By Gayane Mkrtchyan
ArmeniaNow reporter The baking heat of the sun radiates in a uniquely Armenian way from pictures that line the walls of Martiros Saryan’s house-museum. There is charm and excitement in these canvases, which bathe the viewer with optimism.
The director of Picasso’s museum Jean Louie Andral experienced these emotions in 2001 when visiting a selection of Russian exhibits organized in Bordeaux, France. A few of Saryan’s works were included in the collection. Andral recalls: “What flames come from this canvas, who is the creator?”
Astonished by the artist’s sunny colors Jean Louie Andral immediately got in touch with the Martiros Saryan museum in Yerevan.
“We met last year and became acquainted. He saw all of Saryan’s paintings and was shocked. At the end, we signed a contract for the organization of Saryan’s exhibition at the Picasso museum in Antibes, in the south of France,” says 67-year-old Shahen Khachatryan, director of the Saryan museum and himself an honored artist.
Posters for the “Country of the Flying Sun” exhibition, which will open on June 27, will be posted widely and Armenia will gain new recognition through Saryan. The exhibition will continue until October 5.
Khachatryan says: “We aim to exhibit the young Saryan – how he developed, the way he chose to reveal his bright individuality by means of his works.”
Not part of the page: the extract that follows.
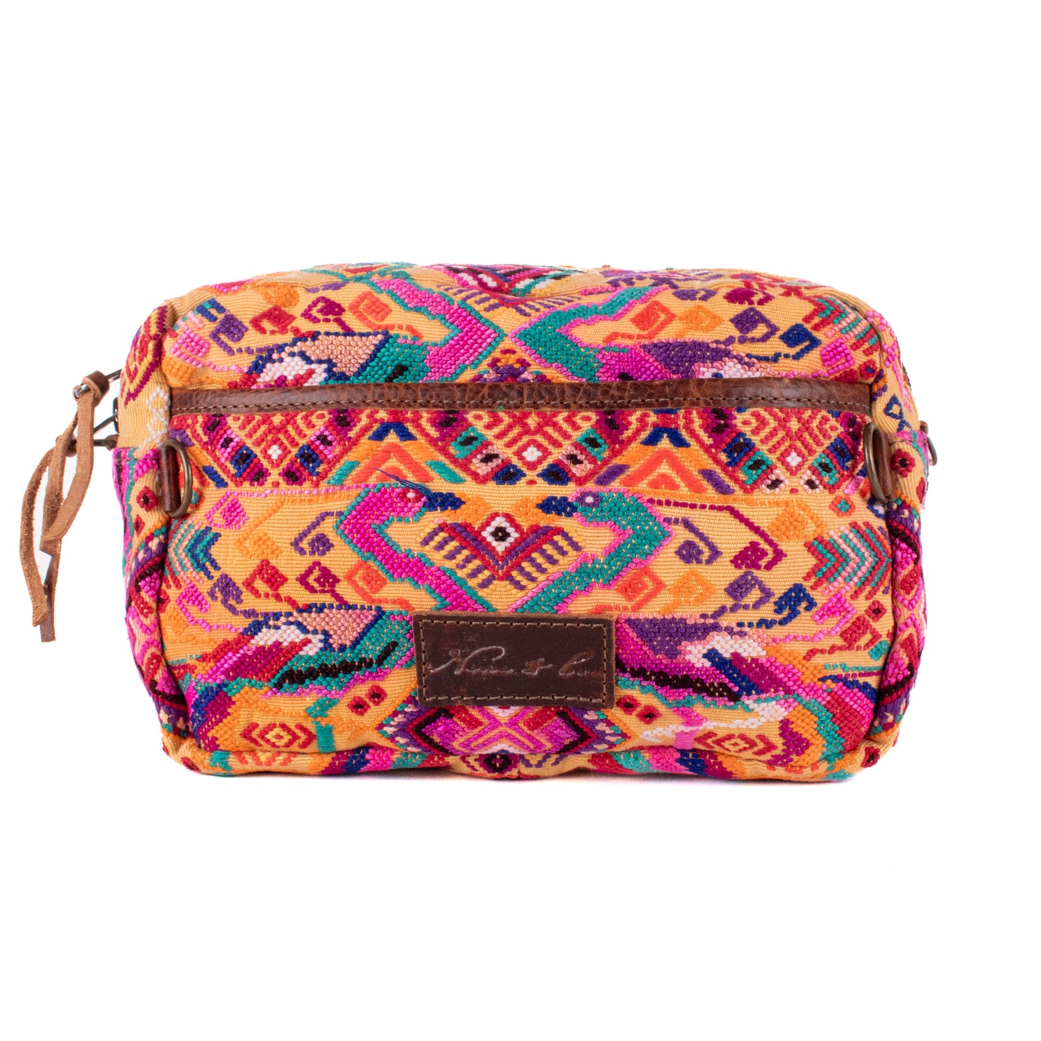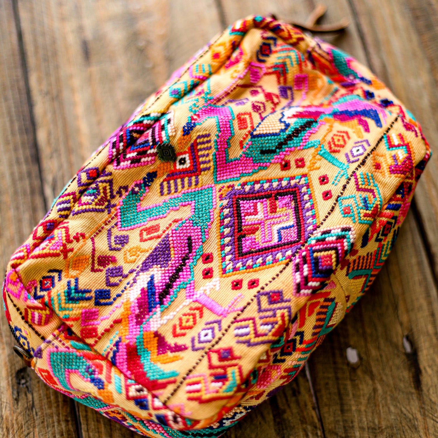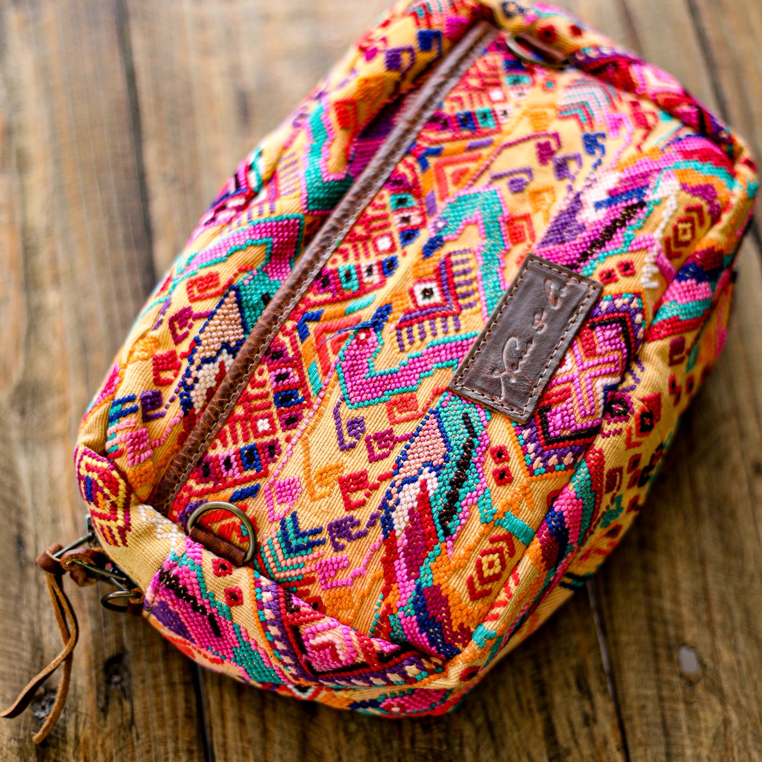 Many unique Maya symbols can be found in our One of a Kind Collection. The fabric we use for this collection is made from upcycled vintage huipiles (traditional attire worn by women in Guatemala) that were handwoven by Artisans up to 10 years ago, and they have lived a full life before being incorporated into your leather bag!

Sixty six of the 80 works to be taken to France are paintings and 14 are graphics. The Saryan Museum is providing 40 of the exhibits, with 12 paintings being contributed by the National Gallery in Yerevan. Six canvases will come from the Tretyakov Gallery in Moscow and three from the Russian Museum in Saint Petersburg. Single paintings are also being sent from London and Paris.
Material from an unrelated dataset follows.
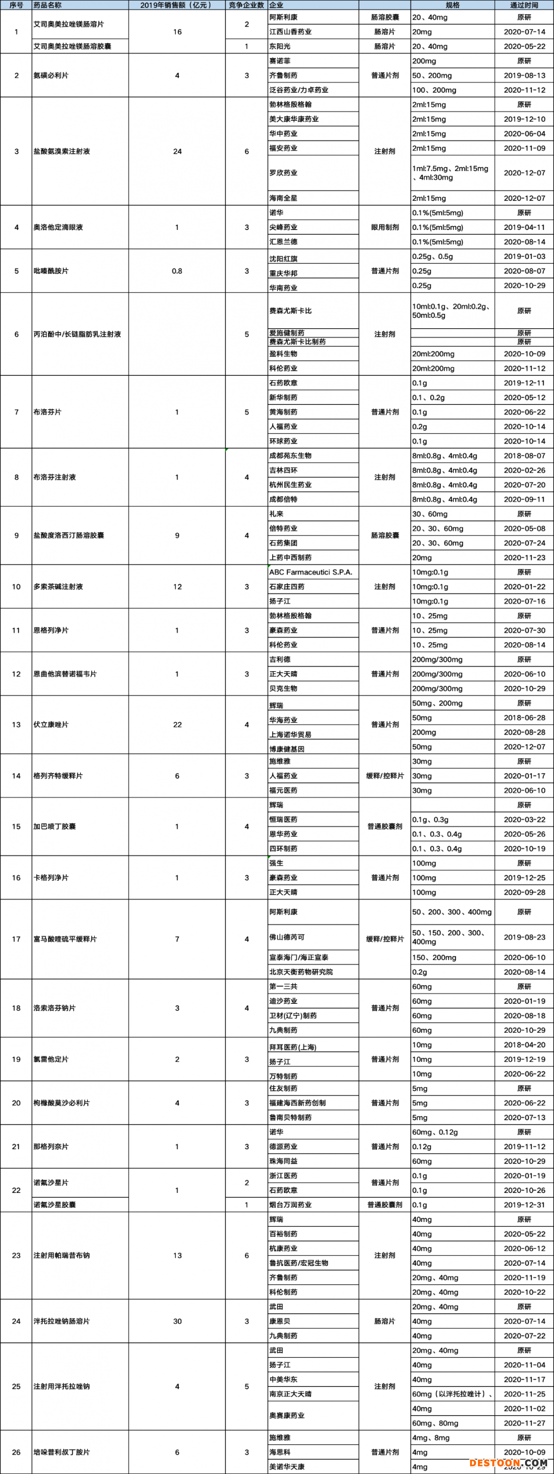 與此同時,石藥也有6個品種進入,分別是布洛芬片、鹽酸度洛西汀腸溶膠囊、諾氟沙星片、注射用硼替佐米、鹽酸普拉克索片、替格瑞洛片。接下來的正大天晴、豪森、東陽光、科倫等,涉及品種分別為6、4、3、3。

“The collected works will wholly represent the master’s character. In particular, his early works will be exhibited, which form the height of Saryan’s art,” notes Khachatryan.
The master’s works can be divided into three periods. The first from 1903-1909 was called by Saryan “Dreams and Fairy Tales.” The second one until 1920 was dominated by his emotional reaction to the 1915 Armenian Genocide. The final period until his death in 1972.
Khachatryan says Saryan entered the world fine arts’ movement with his early works. “He aimed not only to return to the traditions of national painting, but he also brought the national art to European parameters.”
The exhibition in France will be the biggest single collection of Saryan’s work abroad since 1986, when a display was organized in Germany, and before that in 1980 at the Pompidou Center in Paris. Works from his pre- and post revolution periods, including many of his works from the Soviet time, were mainly exhibited.
Khachatryan notes that Saryan’s paintings reflecting Soviet ideology were mainly sent for exhibitions abroad. It was restricted to exhibit many his free-spirited works.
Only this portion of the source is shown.